Qual è il piano per protonterapia?
«Protonterapia ha tutte le potenzialità per fare numeri maggiori. Oggi arriviamo alla metà dei numeri che erano stati prefissati a suo tempo. In questo momento abbiamo chiesto al nuovo primario, Frank Reinhard Heinrich Lohr, di realizzare un piano per potenziare l’attività».
Punto nascita di Cavalese. Il governatore Fugatti si è mostrato più deciso nel voler mantenere aperto il servizio, mentre lei ha lasciato la questione aperta. Ne avete parlato?
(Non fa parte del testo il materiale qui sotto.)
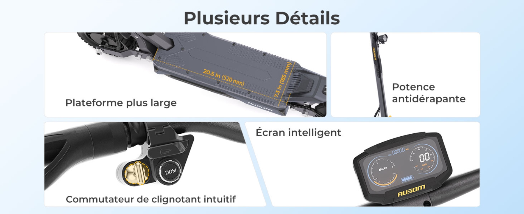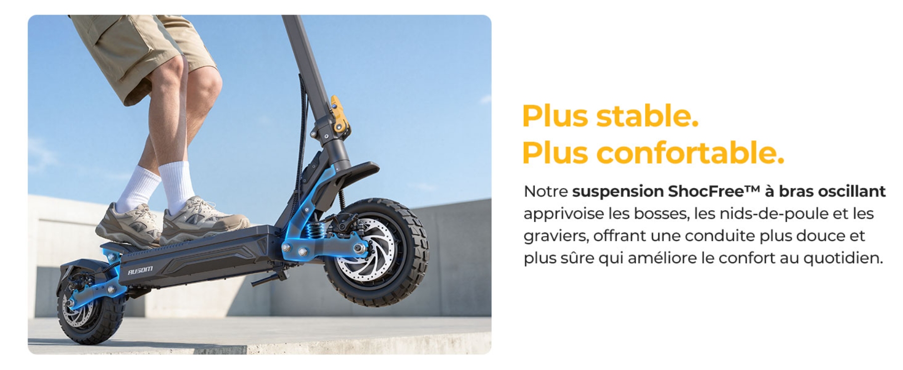 J'utilise cette Ausom pour mes trajets domicile-travail tous les jours et c'est une vraie révolution. Le double moteur de 2800 W est incroyable, il avale les grosses côtes de ma ville sans aucune perte de vitesse. Les pneus de 10'' associés à la suspension ShocFree absorbent tous les nids-de-poule et les trottoirs mal pavés. C'est vraiment sécurisant ! Le plateau large me permet de bien positionner mes pieds. Très satisfait de cet investissement, le rapport qualité-prix est au rendez-vous.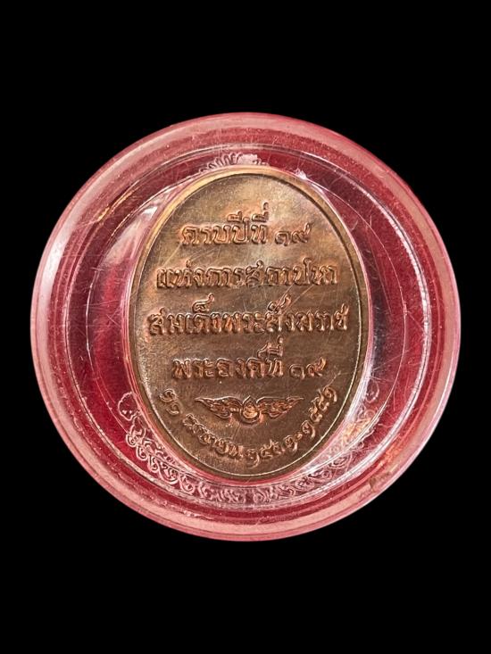 เหรียญสมเด็จญาณสังวร ครบรอบปีที่19 แห่งการสถาปนาสมเด็จพระสังฆราช องค์ที่19 วัดบวรนิเวศ ปี2551 เนื้อทองแดง พร้อมตลับเดิมๆจากวัด |

«Non ne abbiamo parlato. Io ho detto che farò delle verifiche, e queste verifiche le farò in primis con i territori per capire se, dopo la riapertura del punto nascita, c’è ancora questa convinzione. La politica ha fatto questo sforzo per garantire un servizio, ma circa il 40% delle donne va a partorire a Trento, a Rovereto o a Bolzano. Dopodiché il servizio deve essere garantito in sicurezza, e finora è sempre stato garantito in sicurezza. Dobbiamo capire fino a quando possiamo pensare di tenere aperti i due punti nascita di Cles e Cavalese con questi numeri: l’anno scorso si sono registrati circa 380 nuovi nati nei due ospedali. Di fronte a questi numeri qualche domanda bisogna porsela, ma in questo momento non ho pressioni né per tenerli aperti né per chiuderli. Al momento non è una materia di priorità. Quando mi sarò confrontato con i territori ne parlerò in giunta. Quando ero consigliere provinciale avevamo dato la disponibilità a chiudere il punto nascita di Tione perché la scelta delle donne era di partorire altrove. Però allora lo avevo condiviso con la comunità e con i sindaci in cambio di un protocollo che potesse garantire determinati servizi: ortopedia, medicina, pronto soccorso».